You did it. You really did. You gave us what we prayed for. We asked, and you answered with the adoption of three Chinese children. A glorious gift.
Remember all those lifted prayers? Oh, how we prayed, and prayed, and prayed for our kids. We prayed, our friends prayed and our families prayed. We talked to you more in our waiting than we ever had before. Day after day, we looked at empty chairs and struggled to carry hope. We tried so hard to trust your promises. It felt like a calling in our hearts, but in our minds, it felt over the top crazy. To say we were going to be the parents of children born to three other sets of parents from across oceans? Ludicrous. We were rational, practical people and this was walking on the wild side.
Admittedly, we wavered. Your promise was clear, but the hardness a surprise, the challenges hard to swallow. The waiting seemed pointless and endless. We couldn’t help but wonder when it would be our turn, and then doubt that it might never be. But, with our mustard seed sized faith, we made space in our hearts anyway.
Then you removed hurtles one by one: immigration approval, TA, consulate appointment, and finally plane tickets to the Far East. We found ourselves in government offices in Hebeii, Chengdu and Nanjing, China holding daughters and a son in our arms. We pressed their inked red feet onto documents written in Mandarin, and our lives forever merged.
Yes, adoptions happened before and after ours, but that doesn’t negate the absolute miracle of it all. You, the God of Bible stories, the one who turned water into wine, multiplied loaves and fishes and parted waters was at it again, this time right before our own eyes. The whole thing reeked of glory. Your dominion became undeniable.
The slightest difference in timing might have changed our story’s ending. If we’d applied in a different month, chosen a different agency, or if paperwork moved at a different speed, our gifts might have gone to other homes.
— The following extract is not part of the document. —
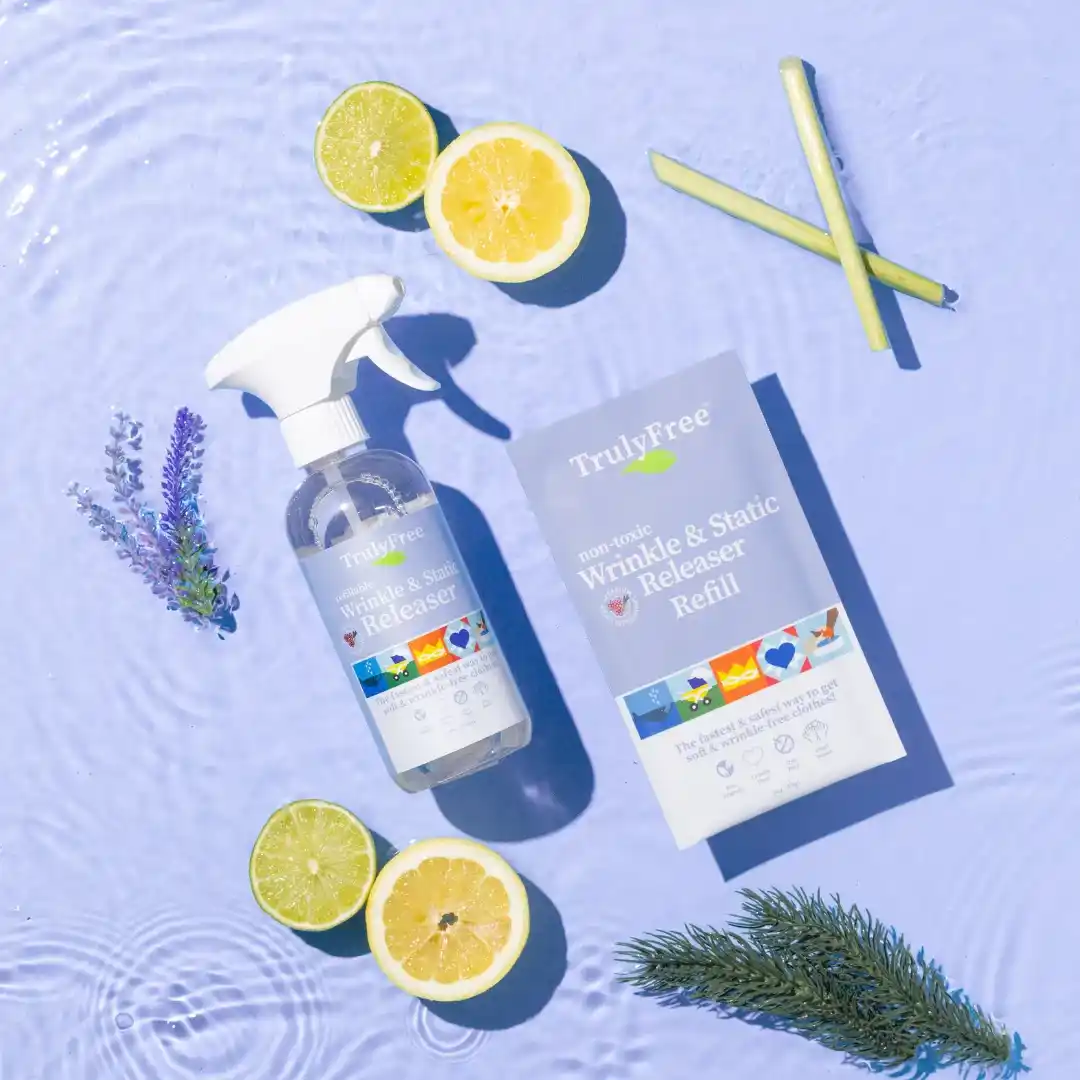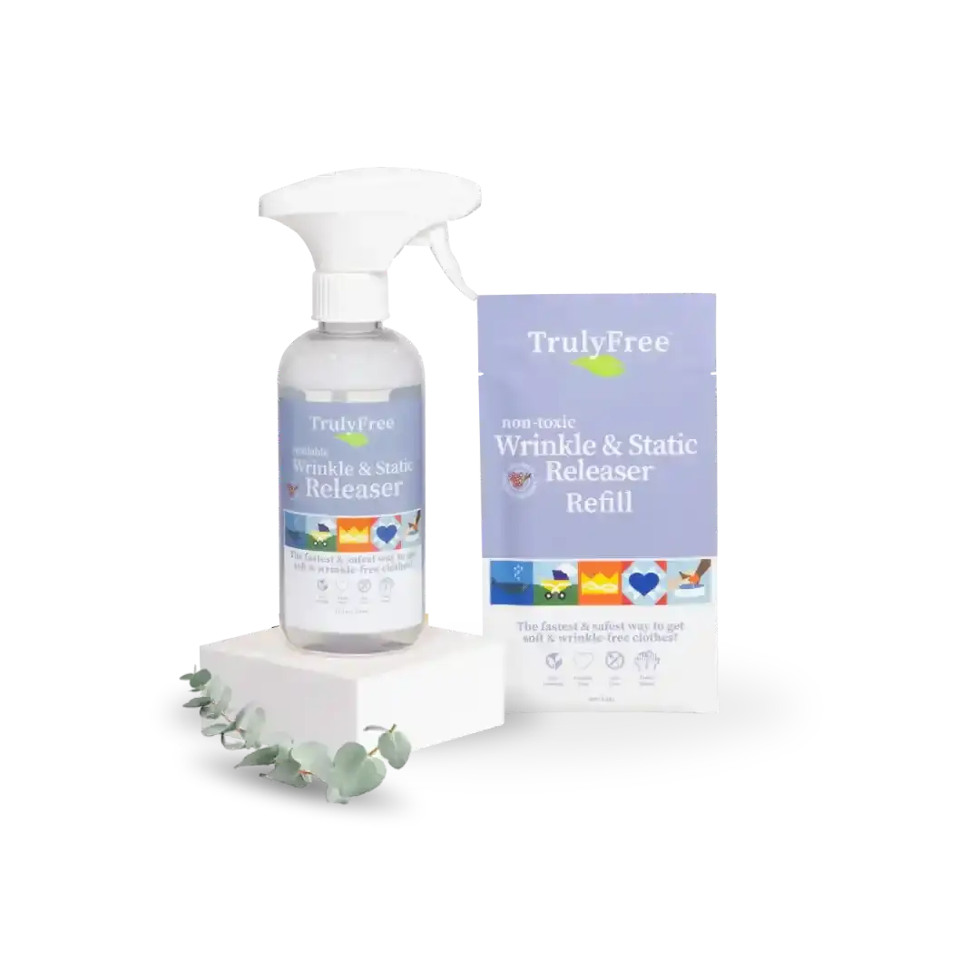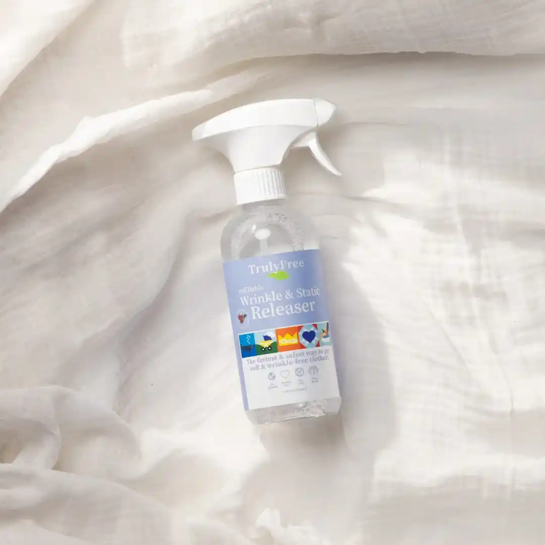 Truly Free Home’s Wrinkle & Static Releaser is a plant-based formula that relaxes wrinkles, reduces static, and freshens fabrics in just a few spritzes. And without any harsh chemicals, so it’s safe to spray around kids & pets.

Your colossal sovereignty is more than I can conceive. You painted stars into the heavens and placed the lonely in a family. You protected three little souls, and provided life saving medical care.
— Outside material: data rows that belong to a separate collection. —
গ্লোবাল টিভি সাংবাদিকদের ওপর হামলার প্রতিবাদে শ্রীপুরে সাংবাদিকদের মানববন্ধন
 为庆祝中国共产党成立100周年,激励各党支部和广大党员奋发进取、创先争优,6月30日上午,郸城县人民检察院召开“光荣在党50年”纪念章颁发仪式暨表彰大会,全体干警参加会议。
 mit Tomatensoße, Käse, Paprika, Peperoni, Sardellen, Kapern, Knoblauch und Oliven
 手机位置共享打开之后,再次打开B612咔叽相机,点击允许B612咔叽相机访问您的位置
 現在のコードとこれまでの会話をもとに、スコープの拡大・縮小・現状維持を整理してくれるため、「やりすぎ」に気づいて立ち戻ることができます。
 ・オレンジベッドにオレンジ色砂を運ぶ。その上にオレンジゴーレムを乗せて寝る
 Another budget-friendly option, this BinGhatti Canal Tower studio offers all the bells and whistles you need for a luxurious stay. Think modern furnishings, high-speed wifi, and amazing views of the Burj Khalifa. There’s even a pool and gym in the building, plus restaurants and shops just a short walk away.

You did it. You truly did, and we remain always and forever grateful.
The empty chairs now have bodies in them. The clothes that hung waiting are worn out and too small. It’s years later, and I’ve almost forgotten what it felt like to not have them. I barely remember lingering long on my knees begging you to bring them on home.
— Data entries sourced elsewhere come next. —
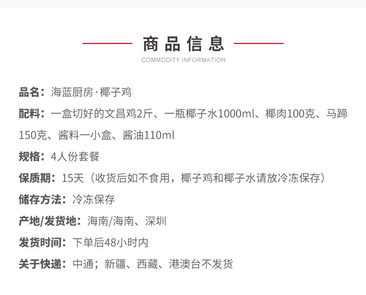 【 4人份食材包】海南正宗文昌鸡海蓝厨房·椰子鸡 4人份食材包 顺丰
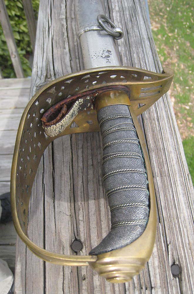 The scabbard is nickel-plated steel with two suspension bands, of which only the upper band is equipped with a ring. The lower band shows that the ring has been cut off to conform with the 1910 regulations.
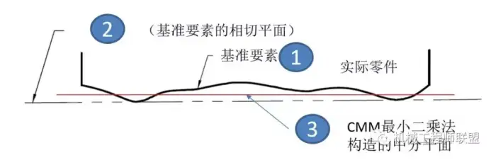 图纸上标注的A基准是一个理想平面,实际零件加工出来A不可能是一个理想平面,A平面有形状误差,实际表面如下图所示,实际表面叫做基准要素。那么基准A到底是下图中那个?是实际表面1?还是中分平面2?还是材料外面的相切平面3?
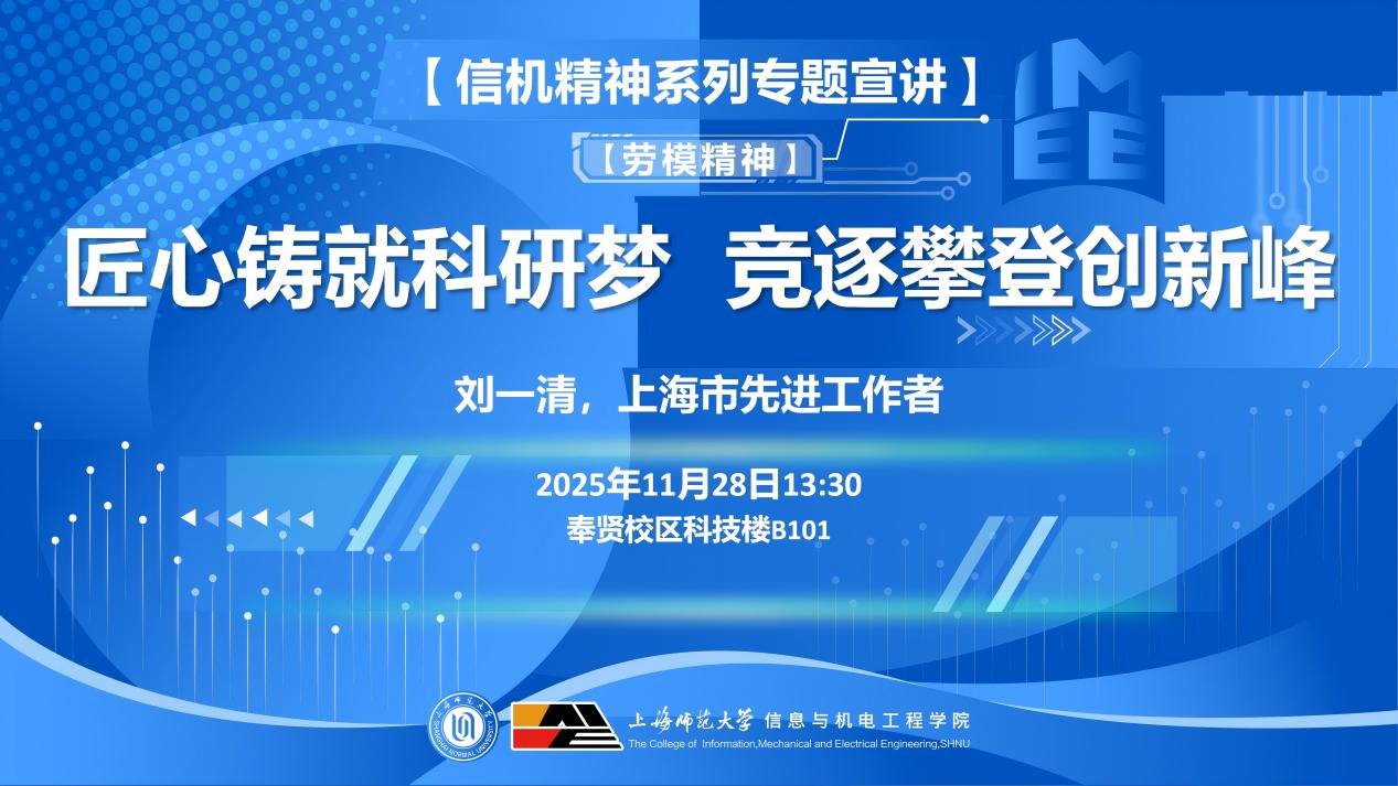 为弘扬新时代劳模精神,激发师生科研创新热情,11月28日下午,学院特邀上海市先进工作者、华东师范大学教授刘一清做客学院人生导师沙龙活动,以“匠心铸就科研梦 竞逐攀登创新峰”为主题,为师生分享科研育人经验与创新实践成果,为在场师生勾勒出一幅以劳模精神驱动科技创新的实践图景。学院青年师生代表近百人参加,活动由学院青联会执委吴天祥主持。
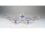 Régi kék mázas kerámia pálinkás butella 18 cm
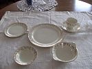 Taylor, Smith & Taylor - Pattern TST965 (circa 1948) 4 footed cups, 8 saucers, 8-10" plates, 8- 7 1/4" plates, 8- sauce bowls, 8- cereal bowls, 1- sugar bowl (no lid), 1- 8" round vegetable bowl, 1- 10" oval bowl, 1- 13" oval platter.
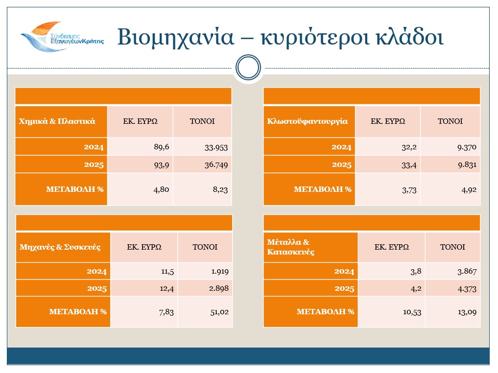 «Ιδιαίτερα ενθαρρυντικό είναι το γεγονός ότι κατά το α’ 6μηνο του 2025 καταγράφηκε αύξηση στους περισσότερους από τους βασικούς εξαγώγιμους κλάδους, όπως στα Τρόφιμα & Ποτά, τα Χημικά & Πλαστικά, την Κλωστοϋφαντουργία κ.α. Αυτή η θετική εξέλιξη δεν περιορίζεται μόνο σε αριθμητικό επίπεδο, αλλά αποτυπώνει και την αυξανόμενη αναγνώριση της ποιότητας, της αυθεντικότητας και της ανταγωνιστικότητας των κρητικών προϊόντων στις διεθνείς αγορές».
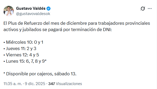 A través de sus redes sociales, el primer mandatario correntino Gustavo Valdés, dio a conocer el comienzo desde este miércoles 10, del cronograma de pago del Plus de Refuerzo correspondiente a diciembre, de $100 mil, que alcanza a los agentes activos, jubilados y pensionados de la administración pública provincial.
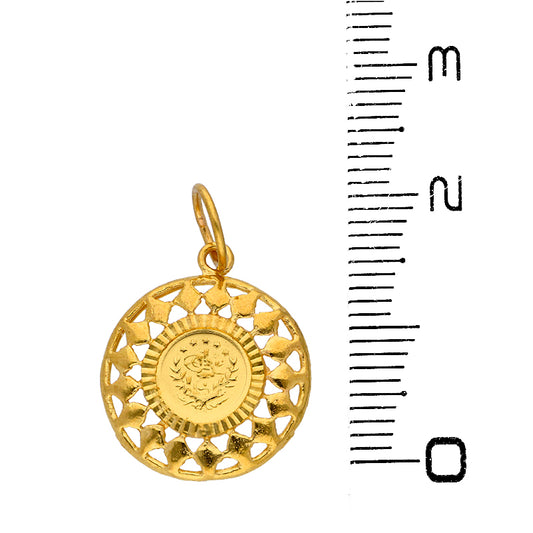Gold Round Shaped Pendant Set (Necklace and Earrings) 21KT - FKJNKLST21KU6071
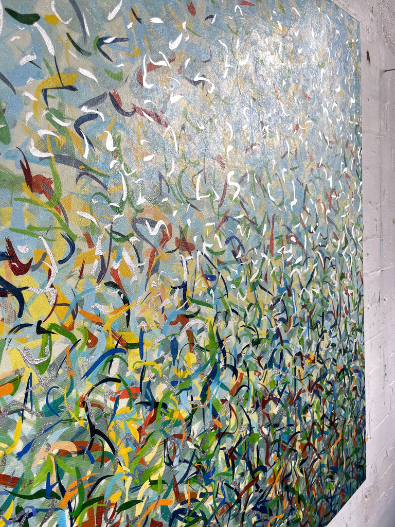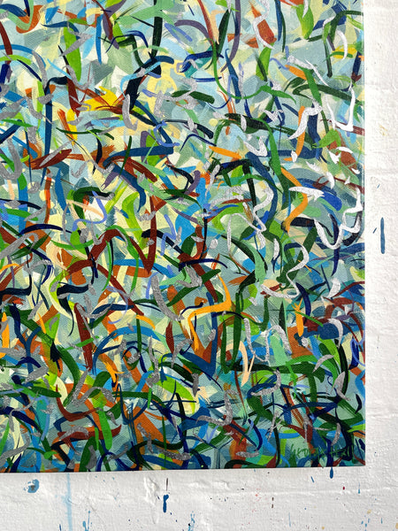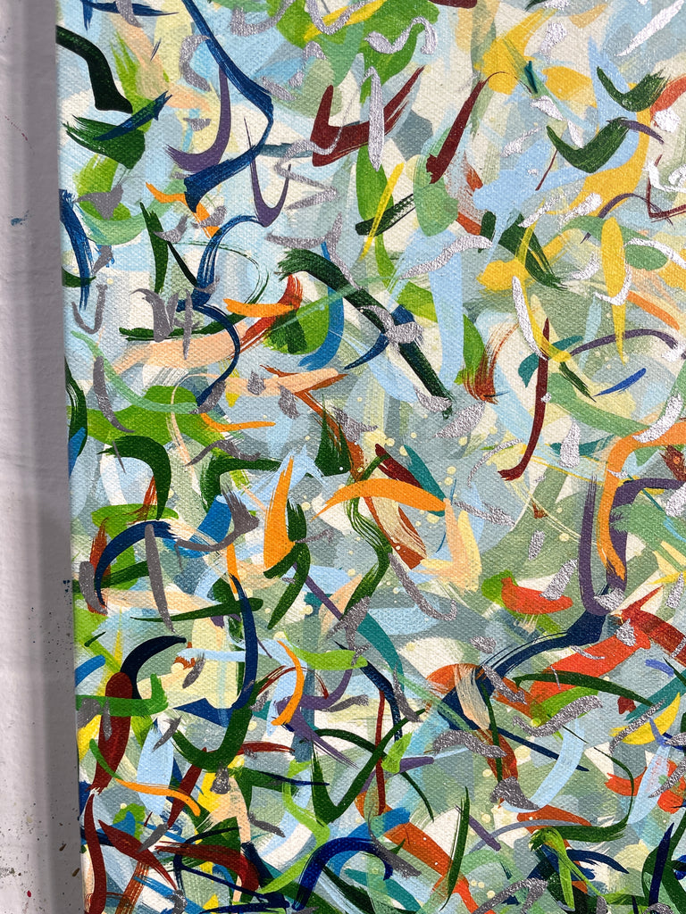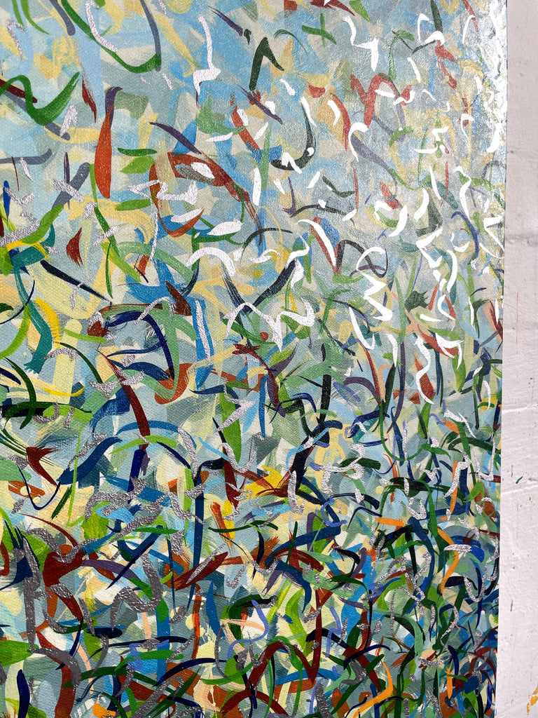 'Silver Garden A' is a mixed media work incorporating polymer inks, acrylic paint and polymer glazing. This a very detailed artwork with colour crossing over one another to create effect. An artwork to express how nature is free to do whatever it wants, without expectations. These works are specific to the colours of the gardens in Woollahra NSW and how they intertwine creating a dance of their own. It is not intended to be too literal and so allows you to see whatever you can find.

Lots of time has passed. We are just a family now.
The dreaming, fundraising and form filling is long behind us. Most days we are just trying to memorize multiplication tables, shop for shampoo, pack lunches and get to drama club on time.
I’m sorry to say, as time passes, the assurance of your presence and power that we experienced sometimes wanes. As new challenges arise, I wonder, yet again, if you’ll come through. My goodness, do I forget easily. You’ve done these massive miracles in our lives, three times now, and then I go and fail to expect you to be intentional. How you must shake your head at me. Forgive me.
For the rest of my life, let it be said that I remember. That I am grateful for your miracle work. That I am awed by your sovereignty over time and place, DNA and citizenships.
Just because time passes and normalcy sets in, I don’t want to forget what you’ve done for us. I don’t want to take it lightly. My kitchen chairs are filled with living, breathing Ebenezers.
Every time a little hand reaches for mine, I want to remember.
Every time I fill a cereal bowl, I have reason to be grateful.
The next time I doubt what you can do, please remind me of what you’ve already done.
Thank you, Jesus, for answering ludicrous prayers, and for carrying us safely into the “wild side”. If I forget, remind me.